Yesterday, the Financial Stability Board, established in 2009 to coordinate financial regulatory proposals on behalf of the Group of 20 major economies (G-20), released a proposal that is being promoted as a means of ending taxpayer bailouts of too-big-to-fail banks. These 30 banks are known as G-SIBs, or Global Systemically Important Banks. But the proposal does nothing to address the “systemic” danger of these banks, thus the proposal is nothing more than captured regulators floating another useless trial balloon for reform because they lack the political courage to admit the only solution is to break up these bloated financial institutions that regularly function variously as crime syndicates and institutionalized wealth transfer systems.

Mark Carney, head of the Bank of England, who also chairs the Financial Stability Board, touted the plan as a “watershed” moment.

The plan calls for the 30 global banks to hold somewhere between 16 to 20 percent of their risk-weighted assets in loss absorbing capital. In addition to issuing additional equity (which would be dilutive to existing shareholders), the plan calls for at least one-third of the new funding to consist of unsecured long-term debt held at the holding company level so that bond investors would experience the losses while other parts of the bank remain functioning if regulators have to place the bank in resolution.

Among the Global Systemically Important Banks are those the public continues to read about being charged with functioning in crime cartels: JPMorgan Chase, Citigroup, and Barclays – adding an unaddressed dimension of systemic.

Under the plan, the global banks would have until 2019 to comply with the new requirements – which each country has the right to adopt, strengthen or reject outright. Right now, it’s all just a tentative proposal with public comment being solicited by emailing The full proposal can be read here.

To fully grasp the magical thinking of this proposal, let’s reexamine what actually happens when a “systemic” bank begins to fail: (1) its counterparties, the other major banks, cut off lending and demand more liquid collateral to back the over-the-counter swap deals that the public and the regulators know nothing about. (2) Word of the bank’s troubles spread like wildfire and the share price (equity) goes into a collapse, burning rapidly through that layer of so-called “loss-absorbing capital.” (3) Because the bank has too much leverage on its balance sheet, it can’t raise cash rapidly enough to meet all of the collateral calls, leading to spreading concerns about the soundness of its trading parties, i.e., the other global banks. (4) All banks connected with it see a sell-off in their equity prices, bringing in the short sellers, who spread real, imagined or trumped-up rumors to drive prices lower. (5) In short order, the most bloated and troubled behemoths have no more liquid funds to pay depositors who make a demand for their demand deposits – which among the three largest banks in the U.S. are in the trillion dollar range, each.
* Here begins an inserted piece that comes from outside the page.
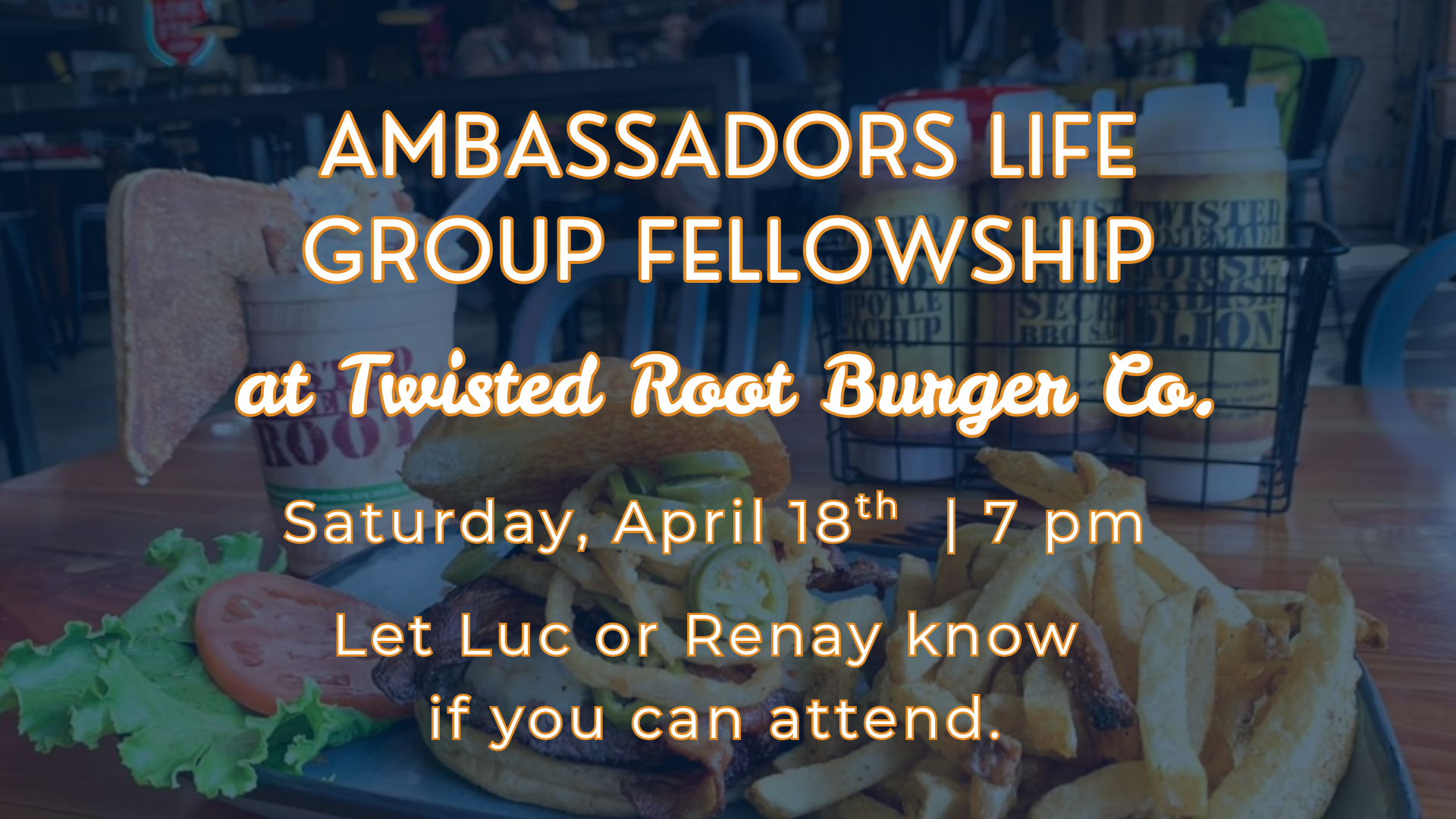 The Ambassadors LIFE Group will be going to Twisted Root Burger Co. on Saturday, April 18th, at 7pm. Let them know if you're planning on making it. |
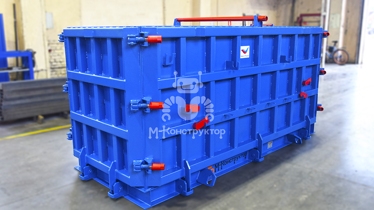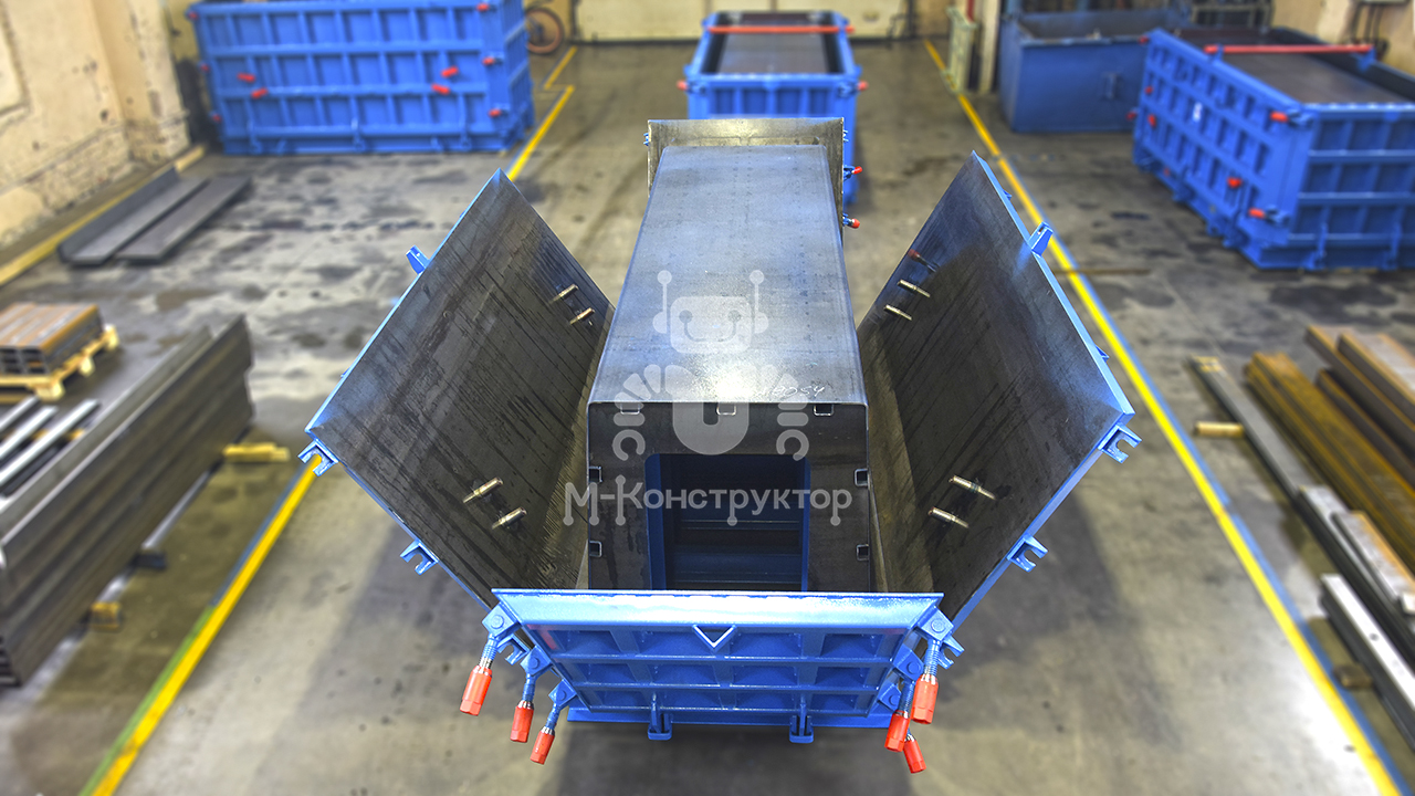 В рамках текущего заказа завод «М-Конструктор» изготовил два типа форм для производства лотков: с переналадкой, что дает возможность производства ЖБИ в габаритах 2970х1160х1310 и 2979х1160х1000 мм (ДхШхВ), и без переналадки с размерами изделия 2970х1160х1000 мм (ДхШхВ). Изменения размеров обеспечивают съемные вставки высотой 310 мм, которые устанавливаются в основание продольных бортов перед заливкой бетонной смеси.

When you start to talk about trillions of dollars, there is no one but the taxpayer and the government who has that kind of an immediate backstop to stem the crisis.

No better evidence exists of this indisputable reality than the meltdown of Citigroup’s equity capital, like a snow cone in July, during five trading sessions from November 17 through November 21, 2008. At that point, the bank had already borrowed $25 billion from the U.S. taxpayer along with the other usual bank suspects. In just five trading sessions, the bank (and its shareholders) lost 60 percent of their market value. (See the chart below for how too-big-to-fail actually functions in the real world.) By Friday, November 21, 2008, Citigroup’s market cap was worth $20.5 billion, which was $4.5 billion less than it already owed the taxpayer.

Citigroup’s bonds were no help because as Reuters reported at the time, “Prices of investment-grade bonds have fallen so far that their spreads already compensate for default rates worse than the Great Depression.”

These Wall Street mega banks are now holding hostage our nation, its economy, and the living standard of the next generation who will be left to deal with the mountains of debt taken on to deal with the financial collapse and its overhang. When six years of near zero interest rates can’t revive an economy to normal job creation and economic growth, it’s time to call our monetary policy what it is: a political masquerade to artificially prop up a failed, global banking business model.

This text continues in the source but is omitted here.